The proper interpretation of contract language may be determined as a matter of law and the court should interpret the contract so as to give effect to every provision (see, Gonzalez v Norrito, 256 AD2d 440). Based upon, inter alia, the date upon which Hudson submitted its first invoice, i.e., September 10, 1993, and the status of Hudson’s work when Beys submitted its invoices, it is clear that Beys did not breach the subcontract by refusing to comply with Hudson’s demand for payment. Therefore, the plaintiff is not entitled to recover damages against the defendants.

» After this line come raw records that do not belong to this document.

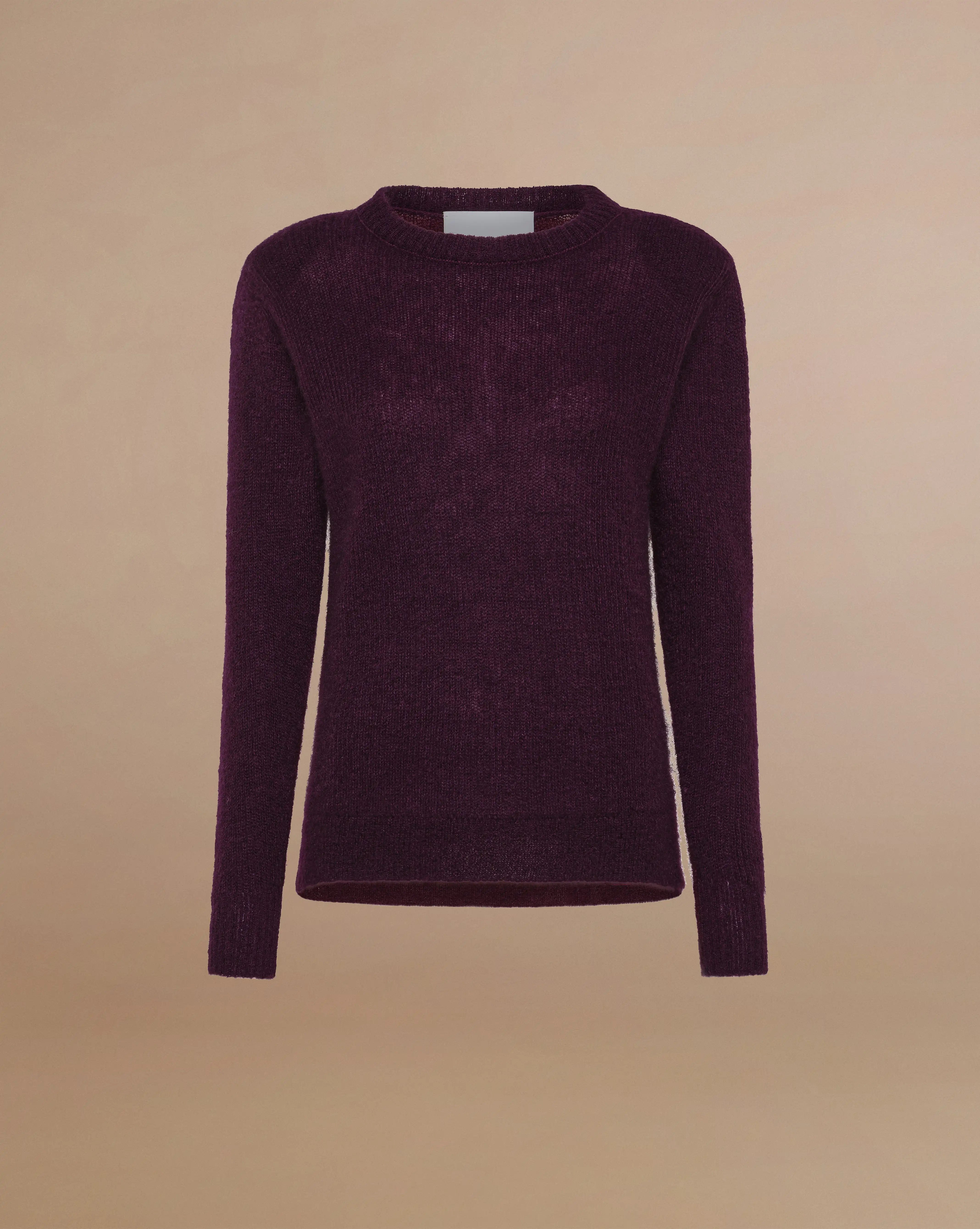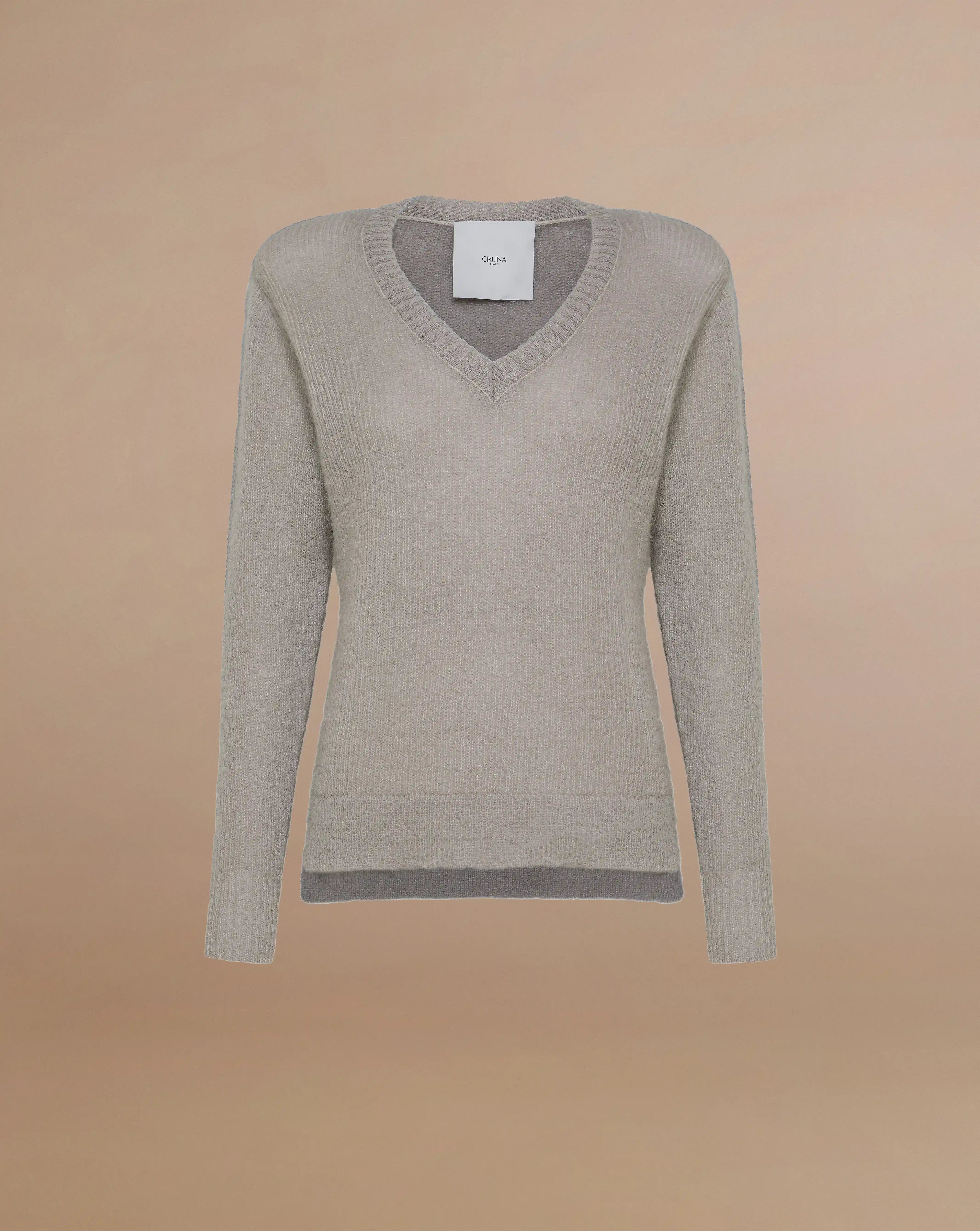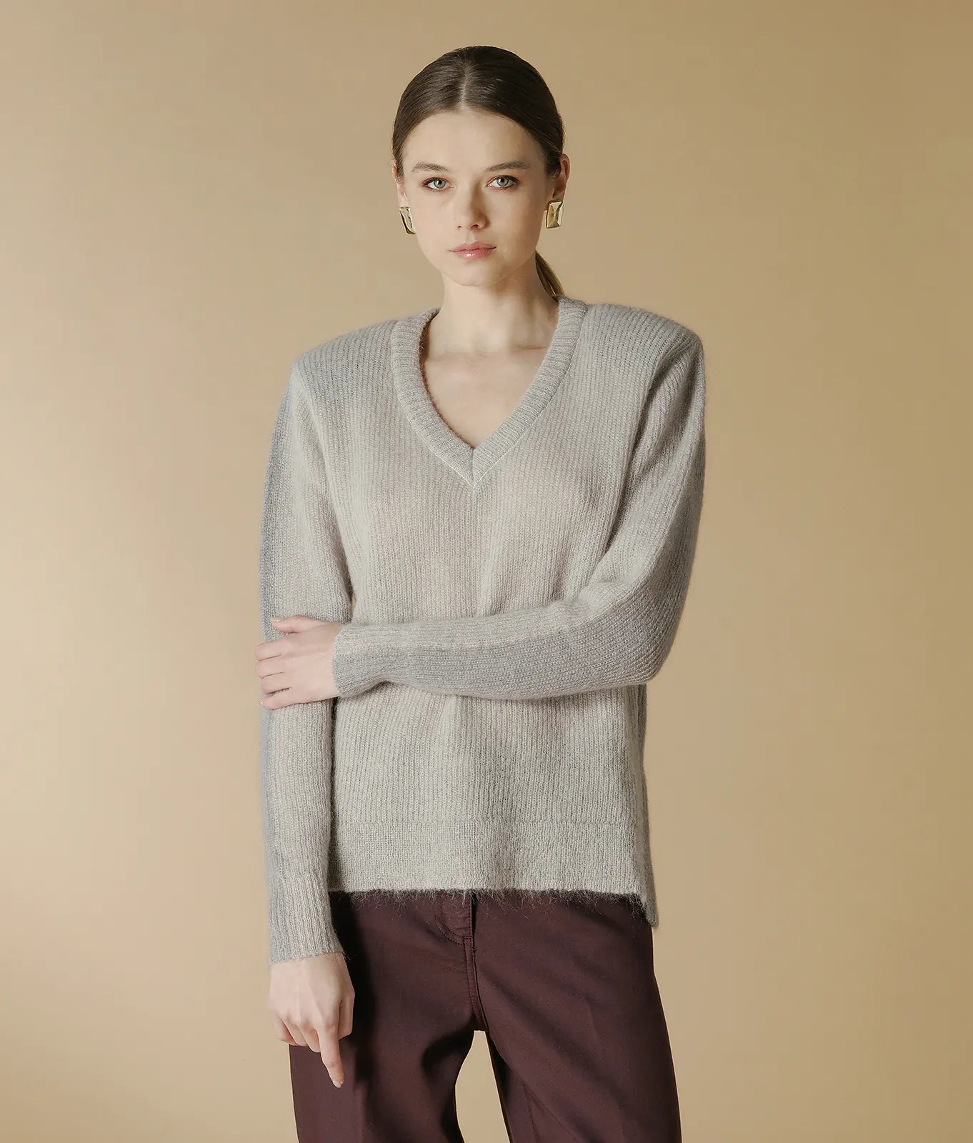 Short V-neck sweater with shoulder pads in wool mohair rib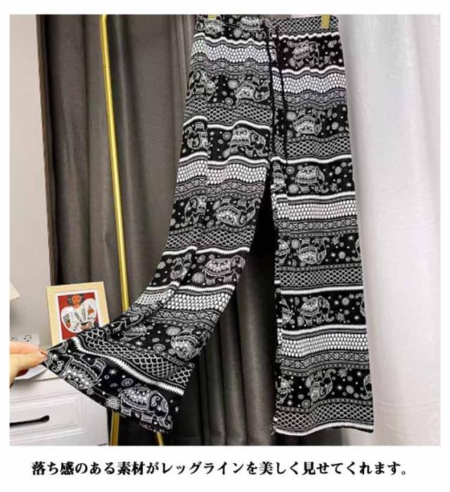 涼感 ワイドパンツ ワイド レディース 2枚セット ゾウ柄 2枚セット 薄手 接触冷感 パンツ タイパンツ ロング 夏 ルームウェア 部屋着 落ち感 冷感 ハイウエスト 体型カバー 通気性 ゴムウエスト ストレッチ パンツ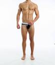 An exciting combination of black and white fabrics. An underwear that can be unbuttoned so you don't need to take it off! The perfect briefs for underwear and sex parties.

Because Hudson stopped performing under the subcontract after its demand for payment was rejected, and documentary evidence adduced at trial evidenced that Beys contracted to pay and paid $60,000 to one subcontractor and $145,083 to another subcontractor, both of whom were hired to perform the work required by Hudson’s subcontract, less an additional $5,000 which was paid for a subsequent design change, Beys paid $25,083 more to complete the job than if Hudson had completed its subcontract. As a result, Beys is entitled to a judgment on its first counterclaim against Hudson in the sum of $25,083 (see, Kaufman v Le Curt Constr. Corp., 196 AD2d 577; Al-Ev Constr. Corp. v Ahern Maintenance & Supply Corp., 141 AD2d 591; Sarnelli v Curzio, 104 AD2d 552).

In light of this determination, the parties’ remaining contentions are academic. Bracken, J. P., Santucci, McGinity and Feuerstein, JJ., concur.